***** ENTRIES PROVIDED *****

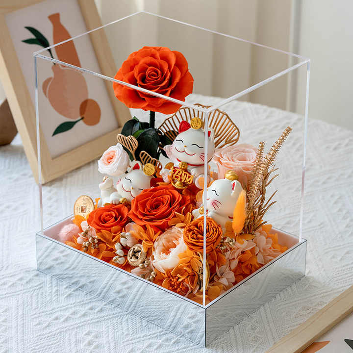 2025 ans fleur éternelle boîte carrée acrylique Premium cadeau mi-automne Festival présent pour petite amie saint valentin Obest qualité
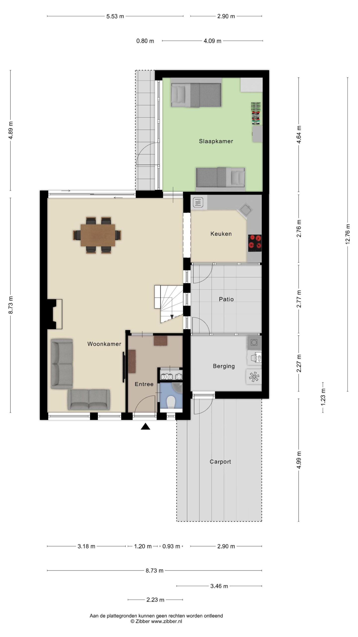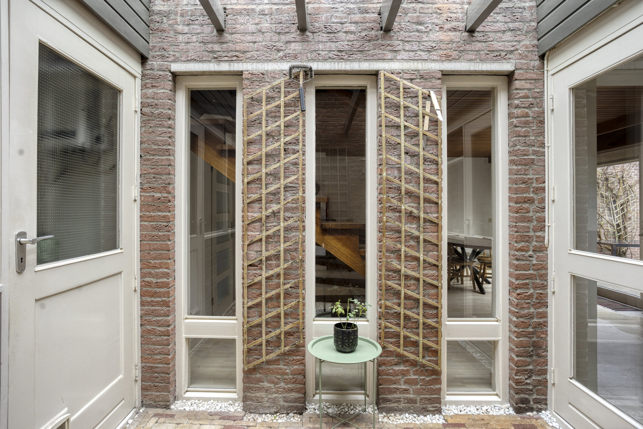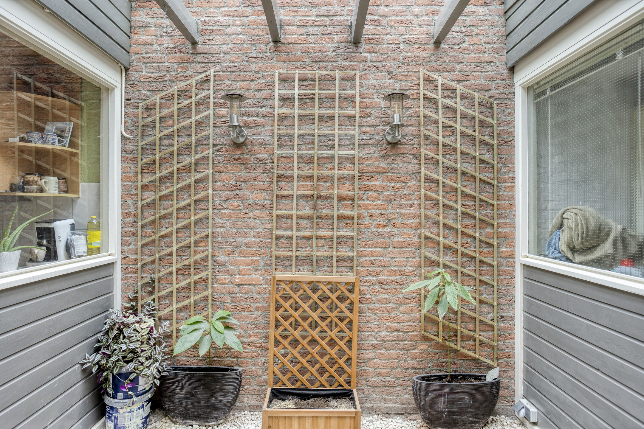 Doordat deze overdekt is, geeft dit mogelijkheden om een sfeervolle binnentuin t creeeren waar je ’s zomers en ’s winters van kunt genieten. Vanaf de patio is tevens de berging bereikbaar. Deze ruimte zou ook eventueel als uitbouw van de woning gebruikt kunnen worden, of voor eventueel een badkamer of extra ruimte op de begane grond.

*****
***** ENTRIES PROVIDED *****

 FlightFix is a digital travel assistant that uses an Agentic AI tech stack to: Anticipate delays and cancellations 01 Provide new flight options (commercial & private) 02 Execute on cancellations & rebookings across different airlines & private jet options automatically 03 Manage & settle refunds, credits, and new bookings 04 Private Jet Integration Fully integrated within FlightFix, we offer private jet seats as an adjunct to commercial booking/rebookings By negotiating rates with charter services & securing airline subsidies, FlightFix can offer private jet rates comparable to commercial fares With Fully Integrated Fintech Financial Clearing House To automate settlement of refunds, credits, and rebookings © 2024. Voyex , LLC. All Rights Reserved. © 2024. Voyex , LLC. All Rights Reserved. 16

*****

**EXERCISE DETAILS**:
Give back, exactly and without pictures, the stretch of the records above from the line containing "2025 ans fleur" through the line containing "Doordat deze overdekt", with both end lines included.

**SOLUTION**:
 2025 ans fleur éternelle boîte carrée acrylique Premium cadeau mi-automne Festival présent pour petite amie saint valentin Obest qualité
 Doordat deze overdekt is, geeft dit mogelijkheden om een sfeervolle binnentuin t creeeren waar je ’s zomers en ’s winters van kunt genieten. Vanaf de patio is tevens de berging bereikbaar. Deze ruimte zou ook eventueel als uitbouw van de woning gebruikt kunnen worden, of voor eventueel een badkamer of extra ruimte op de begane grond.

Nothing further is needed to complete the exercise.